I noticed that network interfaces in the network stack of containers sometimes are not listed in the same order, although the containers were started by the same commands in the same order.
In case source ip is not bound explicitly by applications, the kernel binds the address of the first listed interface, not the eth0's one. This in turn affects my firewall configuration.

Expected order of interfaces:
lo
eth0: main_network (the one used with run or create)
eth1: other_network (connected by docker network command)

With Docker 1.9

WIth Docker 1.9 I used the following commands:

docker run --name=container --net=main_network ...
docker network connect other_network container

I managed to reproduce the problem by repeating the above run/connect commands in a simple for loop. The order of the network interfaces was the "expected" about 98-99 times in 100 attempts.

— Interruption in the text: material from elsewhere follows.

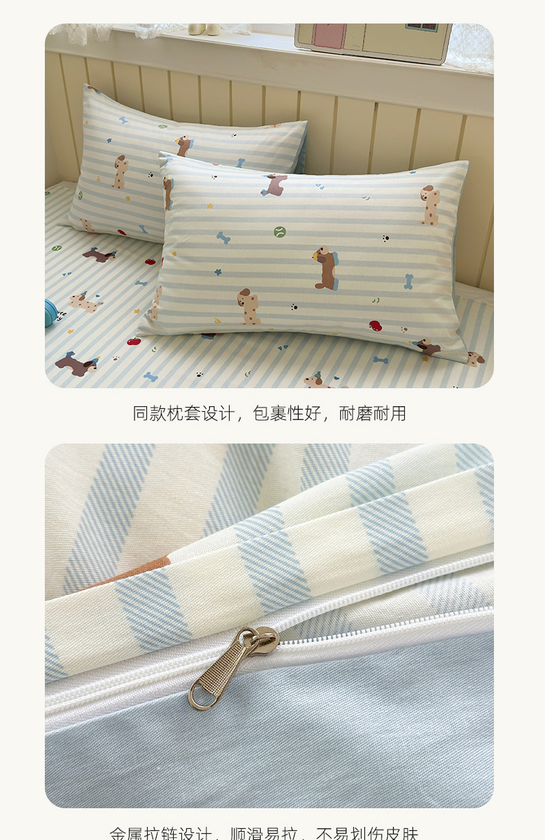 当前位置: 91家纺网 > 商品网购 > 床品套件 > 四件套 > 全棉普通四件套 > 典曼家纺 2025新款40支学生季卡通印花四件套 椰蓝小腊肠

An example when something was messed up:
512: eth1: <BROADCAST,MULTICAST,UP,LOWER_UP> mtu 1500 qdisc noqueue state UP group default
link/ether 02:42:ac:16:00:68 brd ff:ff:ff:ff:ff:ff
inet 172.22.0.104/16 scope global eth1
valid_lft forever preferred_lft forever
inet6 fe80::42:acff:fe16:68/64 scope link
valid_lft forever preferred_lft forever
1: lo: <LOOPBACK,UP,LOWER_UP> mtu 65536 qdisc noqueue state UNKNOWN group default
link/loopback 00:00:00:00:00:00 brd 00:00:00:00:00:00
inet 127.0.0.1/8 scope host lo
valid_lft forever preferred_lft forever
inet6 ::1/128 scope host
valid_lft forever preferred_lft forever
510: eth0: <BROADCAST,MULTICAST,UP,LOWER_UP> mtu 1500 qdisc noqueue state UP group default
link/ether 02:42:ac:12:00:67 brd ff:ff:ff:ff:ff:ff
inet 172.18.0.103/16 scope global eth0
valid_lft forever preferred_lft forever
inet6 fe80::42:acff:fe12:67/64 scope link
valid_lft forever preferred_lft forever

With Docker 1.10

WIth Docker 1.10 I used the following commands:

docker create --name=container --net=main_network ...
docker network connect other_network container
docker start container

By running these commands in a loop, the order of the network interfaces became more diverse (than it was with 1.9).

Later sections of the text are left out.